HOOTIE AND THE BLOWFISH: (Singing) I said get up and let me see you smile.

N. BOROWICK: I remember speaking to a student once who said to me, you know, why do you want to remember these moments? Your parents were dying. And I think, well, yeah, they were dying, but they were living, you know? And it was so clear that they were living in the face of this.

(SOUNDBITE OF ARCHIVED RECORDING)

HOWARD BOROWICK: And nobody promised me longevity. Nobody promised me success.

SHAPIRO: Nancy also interviewed her parents.

(SOUNDBITE OF ARCHIVED RECORDING)

H. BOROWICK: Nobody promised me love. Nobody promised me healthy kids. Nobody promised me good friends. Nobody promised me a great career. And yet I've had all those. So I'm way ahead in the balloting and in accounting. So I have no regrets.

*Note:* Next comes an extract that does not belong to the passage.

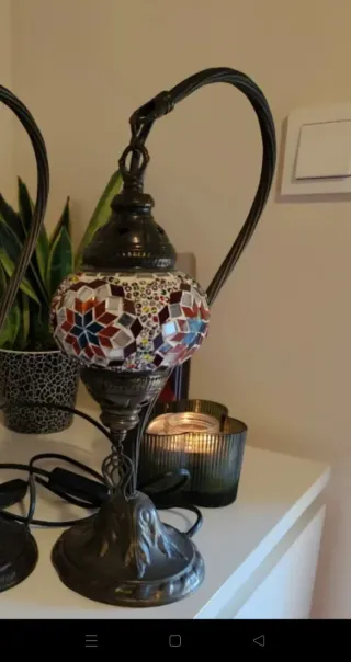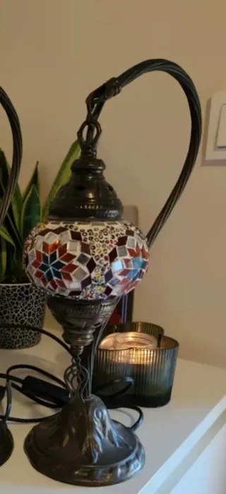 Elegante lámpara de estilo marroquí con un diseño artesanal. - Pantalla de vidrio con mosaicos de colores. - Base y estructura de metal. - Acabado en tonos plateados y multicolores.

N. BOROWICK: God, I - like, you know, I still have that instinct at times to pick up my phone and try to call them. Like, I mean, now I have other means. You know, my father told us in his eulogy - he said, you know, look for me in the sunset and you can talk to me there. And so I talk to my dad every night. And my mother actually - she said, well, Dad stole the sunset, so why don't you - if you want to talk to me, you know, talk to me in the stars.

(SOUNDBITE OF SONG, "UP ON THE ROOF")

JAMES TAYLOR: (Singing) And at night the stars, they put on a show for free.

N. BOROWICK: Oh, it's - wow, it just - what a journey it has been. And I think in many ways this book is - has allowed me to grow and go - you know, and move forward. I think that that's what they would want.

SHAPIRO: Nancy Borowick's new book is "The Family Imprint: A Daughter's Portrait Of Love And Loss."

(SOUNDBITE OF SONG, "UP ON THE ROOF")

TAYLOR: (Singing) Well, I found a paradise that's just about trouble proof, I know now. And if this old world starts getting you down, well, there's room enough for two.